The weakening of the South African rand against the dollar, coupled with drought conditions affecting staple crops like white corn and geopolitical tensions in the Middle East leading to rising oil prices, poses significant challenges.

These factors are expected to keep inflation relatively high and stubborn in the coming months, making policymakers hesitant to adjust borrowing costs.
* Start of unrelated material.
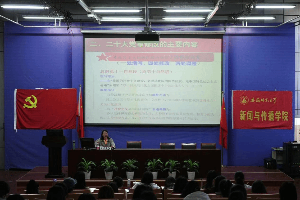 随后,余妍霞从党章的初步创立时期开始,将党的历史沿革和主要内容做出了细致讲解,重申了党的任务纲领。党的一大到二十大见证着党章从初步创立、走向成熟、曲折艰难到稳步发展。其中,余妍霞带领同学们重点梳理了二十大党章修改的主要内容,强调了党章与时俱进的特性在党的建设中发挥的重要作用。

Lesetja Kganyago, Governor of the South African Reserve Bank, reiterated the bank’s cautious stance on inflation pressures.

Despite the recent easing, inflation has consistently remained above the midpoint of the central bank’s target range of 3-6% since May 2021. Consequently, the bank has maintained the benchmark interest rate at 8.25% for nearly a year, aiming to anchor inflation expectations.

While some traders speculate on potential interest rate hikes, forward-rate agreements indicate a low likelihood of such a move at the upcoming monetary policy committee meeting.

The yield on 10-year bonds also saw a marginal decline following the release of the inflation data.

March’s inflation decline was mainly attributed to lower prices in miscellaneous goods and services, education, health, and housing and utilities.

However, core inflation, which excludes volatile food and energy costs, remained relatively steady at 4.9%.

Overall, South Africa’s inflation trajectory underscores the delicate balance between economic recovery and inflation containment amid ongoing global uncertainties.